Generally, in a 64 MB DRAM having a 1.5 .mu.m.sup.2 memory cell area employing an ordinary two dimensional stacked capacitor cell, sufficient cell capacitance cannot be obtained even though a higher dielectric constant material, e.g., tantalum oxide (Ta.sub.2 0.sub.5), is used. Therefore, stacked capacitors having a three-dimensional structure have been suggested to improve cell capacitance. Such stacked capacitors include, for example double-stacked, fin-structured, cylindrical, spread-stacked, and box structured capacitors. In order to increase the surface area of the capacitor, there have also been proposed methods of forming a capacitor with a pin structure extending throughout a multi-layer structure of the capacitor to connect the layers with one another, and methods of forming a capacitor using a hemispherical grain polysilicon (HSG) process using polysilicon grains.
A problem with current methods of fabricating stacked capacitors is that many photolithographic steps are used. The photo steps add cost and manufacturing complexity. Moreover, photolithographic processes require relatively large image tolerances which make the capacitor larger. To miniaturize the capacitor further processes must be developed with reduce the number of photolithographic steps.
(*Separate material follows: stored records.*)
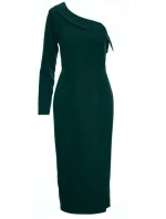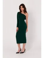Dámské šaty K146 na jedno rameno lahvově zelené - Makover
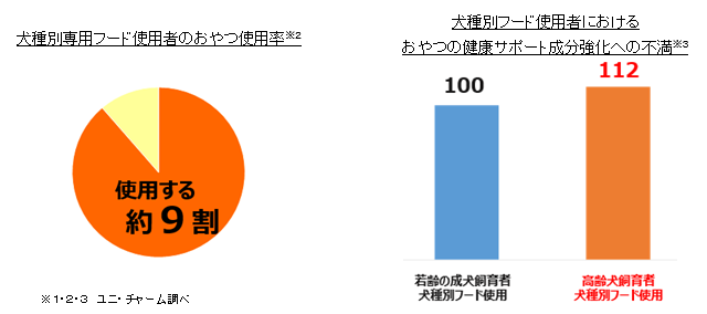 近年、犬においても高齢化が進行し、7歳以上の高齢犬の頭数構成比は5割※1を超えて推移しています。また犬種別専用フードの使用者は、食事で愛犬を喜ばせたいという気持ちが強く、約9割※2の方がおやつを与えています。その中でも、高齢犬を飼育している方は、おやつに対して健康に配慮した成分が配合されていることを重視することがわかりました。※3
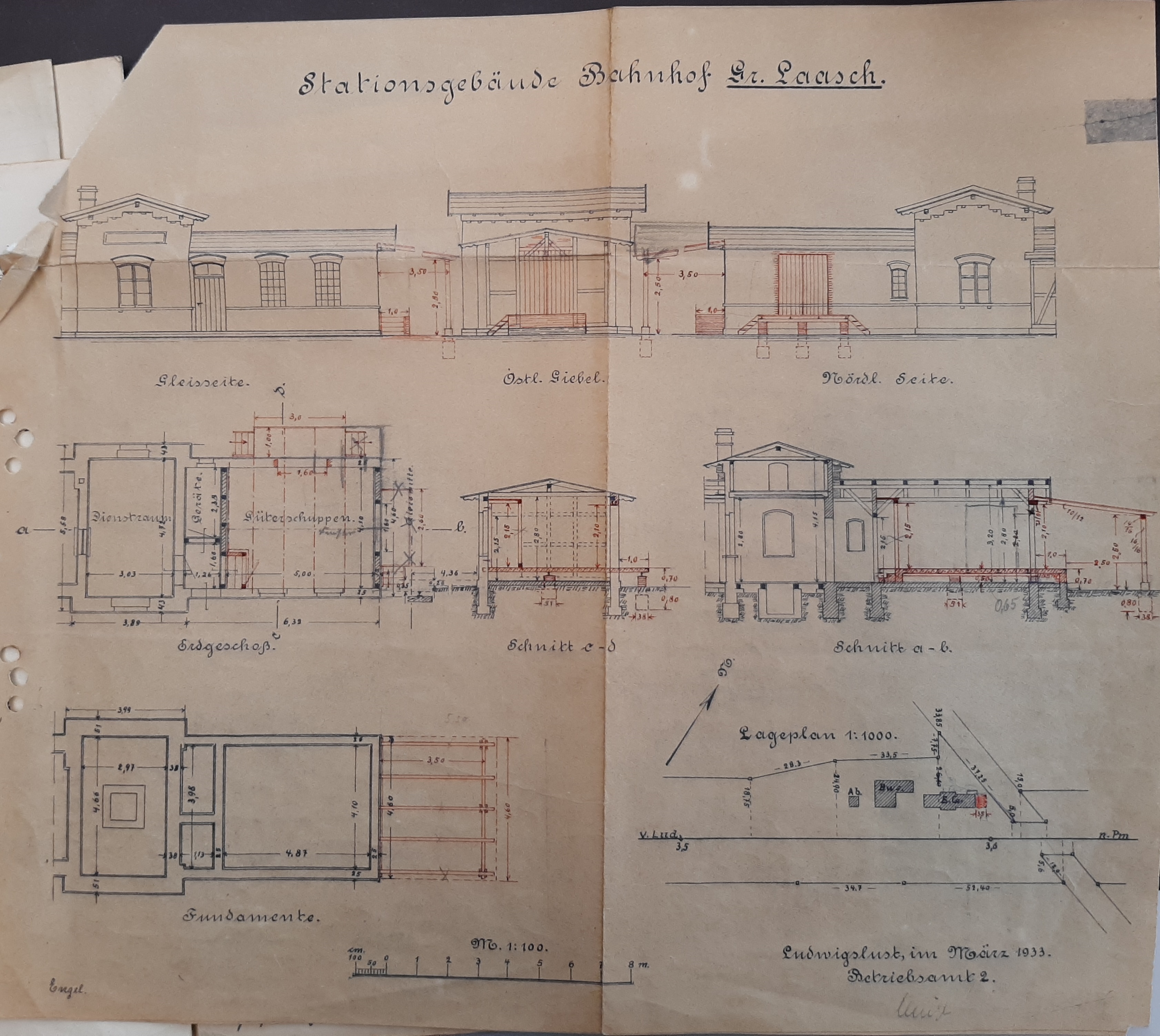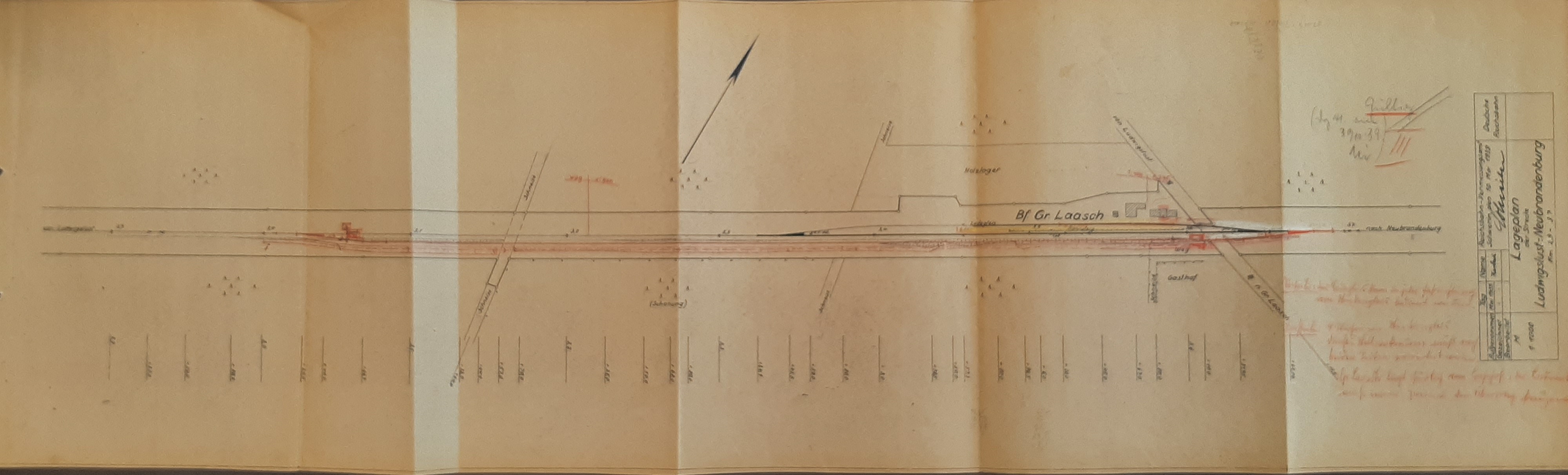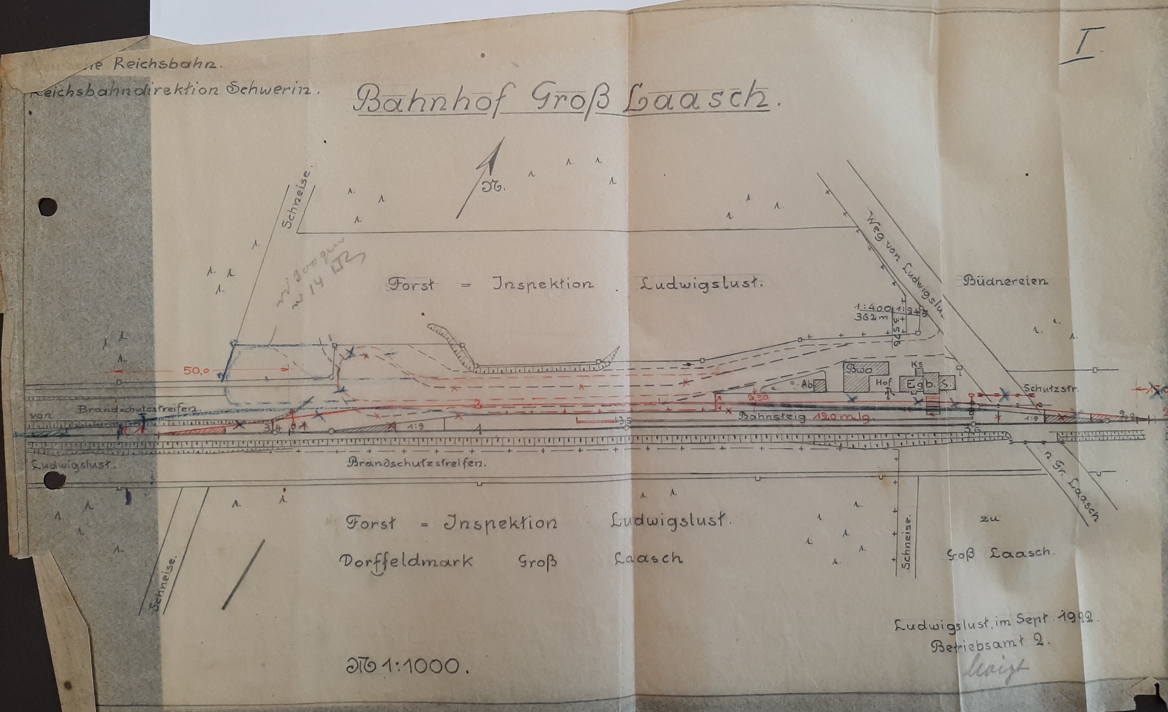 Groß Laasch sollte zu einem Kreuzungsbahnhof ausgebaut werden. Dafür musste das bestehende
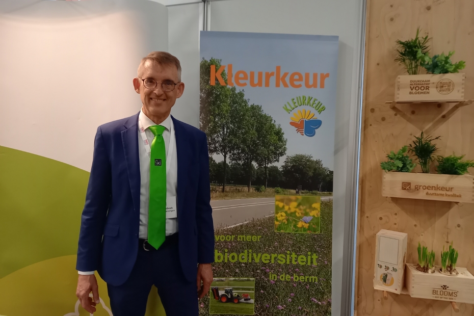 Dick Oosthoek van Groenkeur: 'We staan voor veilig, vakkundig en verantwoord werken. Dat dragen we graag uit op deze vakbeurs. Vandaag en morgen ligt de focus op groene daken en groene gevels, en op ecologisch beheer van bermen en watergangen. Voor laatstgenoemde hebben we een nieuwe richtlijn ontwikkeld.'
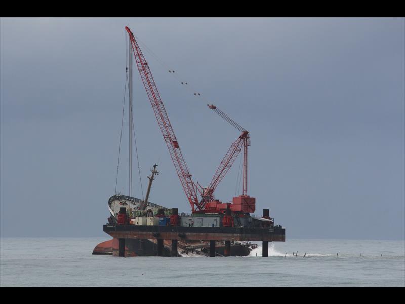 Salvage crews now have a solid platform from which to work as they continue the long process of emptying the holds and ultimately towing the fore section of the ship to be scuttled at sea.

Workers in the art are aware of the density and photolithographic limitation of present capacitors and have attempted to resolve them. U.S. Pat. No. 5,476,806 (Roh), U.S. Pat. No. 5,185,282 (Lee) and U.S. Pat. No. 5,491,103 (Ahn) disclose methods for forming crown type stacked capacitors. However, these methods and structures can be further optimized. Moreover, many of the other prior art methods require substantially more processing steps (especially photo steps) or/and planar structures which make the manufacturing process more complex and costly. Therefore, it is very desirable to develop processes that are as simple as possible and maximize the capacitance per unit area. There is a challenge to develop methods of manufacturing these capacitors that minimize the manufacturing costs and maximize the device yields. In particular, there is a challenge to develop a method which minimizes the number of photoresist operations and provides maximum process tolerance to maximize product yields.